Swaziland recently announced a 'Woman Farmer of the Year' competition, acknowledging the contribution of women to the nation's food production. Until last year, women were regarded as minors in terms of the law, unable to own property or open a bank account without the permission of a male relative or husband.
But the world's highest HIV/AIDS infection rate has left many farms in the hands of women. "More and more, women are taking over the running of family farms. Society is realising that women are out in the fields as much as in the cooking hut, but they need training and support," said Sempiwe Dlamini, an extension officer for the Ministry of Agriculture and Co-operatives.
The southern Shiselweni region, where Dlamini works, has been hit hard by drought and HIV/AIDS. Most farm-owners are either widows whose husbands had previously planted, weeded and harvested, or children who have lost their parents to AIDS. About a third of all adults in Swaziland are infected with HIV.
"The country's new farmers are able-bodied women in their twenties through fifties, though some may be teenagers, and some even older," said Dlamini, who has worked with subsistence farmers for years.
She said it was unfortunate that the patriarchal Swazi traditions kept women away from the fields, which were considered the province of men. "They were only a few metres away, cooking and cleaning, but they never learned to farm," she commented.
"A woman's hand on the plough was considered bad luck," said Nelsiwe Nhlabatsi, 25, a primary school teacher in the rural Luve area, north of the commercial centre, Manzini. "Now many of the children in my class have their school fees paid by women who literally plough the land."
Necessity is changing tradition
One such woman who left the cooking hut to cultivate the family farm was Thabsile Hlope, 36, a resident of Mliba village, 30km north of Manzini. She was forced to manage the farm when her husband died of a "wasting illness" last year. "He was never tested for HIV, so you cannot say he died of AIDS," she said.
Though her farm is small, there were many neighbours who would have gladly incorporated it into their own holdings. About 80 percent of Swazis reside on communal Swazi Nation Land, where permission to work an agricultural plot, and the possibility of passing this on to their children, depends on their ability to keep land granted to them by area chiefs.

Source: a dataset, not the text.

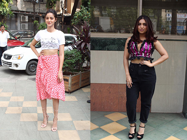 Pati Patni Aur Woh actress, Ananya Panday was spotted in the city in sassy separates. The actress wore a white-hued graphic crop top that was half-sleeved and paired it with heart motifs printed overlapping skirt. She looked sassy and we felt it was a fun party wear. The actress also teamed it with light pink sandals. She spruced up her look with pink lip shade and soft kohl. The impeccable bun rounded out her avatar.

"One of the dangers of parents dying of AIDS is that their children are robbed of their heritage. The farms may be taken over by relatives, or the community elders give the fields to other adults: the children grow up to inherit nothing," said Doo Apane, an attorney and advocate for women's rights.
The Swaziland branch of Women in Law for Southern Africa has been advocating for the customary mourning period for women to be revisited. By tradition, widows must retire from public view and productive work for up to two years after the death of their husbands. With AIDS deaths mounting, the mourning period prohibits widows from returning to work in town or farms to support their families.
Hlope's maize crop, like many others, has failed mainly because of the drought, but she could also do with some training in farming. "My 14-year-old son worked the plough with my husband - he planted the seeds in the ground. I know how to weed from my garden; I raise tomato and cabbage there. The whole family used to help with the harvest," she said.
But the use of fertiliser and hybrid seeds, crop rotation and alternative drought-tolerant crops, are new to her. "Instruction for these women is key," said Dlamini, who advises farmers of both genders in the south, where the rain is fickle.
The Woman Farmer of the Year can win cash prizes as well as farming implements, and comes with an instruction course for women. "This type of tutoring is essential for all women farmers, coupled with donated implements," said Dlamini.
Wilma Maziya, a widow and subsistence farmer in the eastern Lubombo region, said the authorities should provide them with access to markets for their surplus production, with additional support for ventures into commercial farming.
Maziya beat the region's usual lack of rainfall by planting sorghum next to her maize this year. There is a dramatic difference between the section of her field that is brown with withered maize stalks and the row upon row of green and upright sorghum plants, each topped with a large inverted cone of brown grain. "We will cook this [sorghum] or trade it with neighbours. But where can I sell it? There are no markets here," she said.
She has never been visited by a representative of the National Agricultural Marketing Board, which was set up to encourage farmers to raise their standard of living by growing cash crops, and helps by trucking their crops to central wholesalers. "If I could sell my surplus sorghum, I would grow more," Maziya said.
Agriculture Ministry workers like Dlamini are encouraged that women farmers like Maziya have the experience, capacity and willingness to do more to increase national food production.
"Swaziland used to be self-sufficient in food," she said. "I have no doubt that if the women are given the assistance they need - because the nation needs them now more than ever - we will go a long way to making the most of our national potential."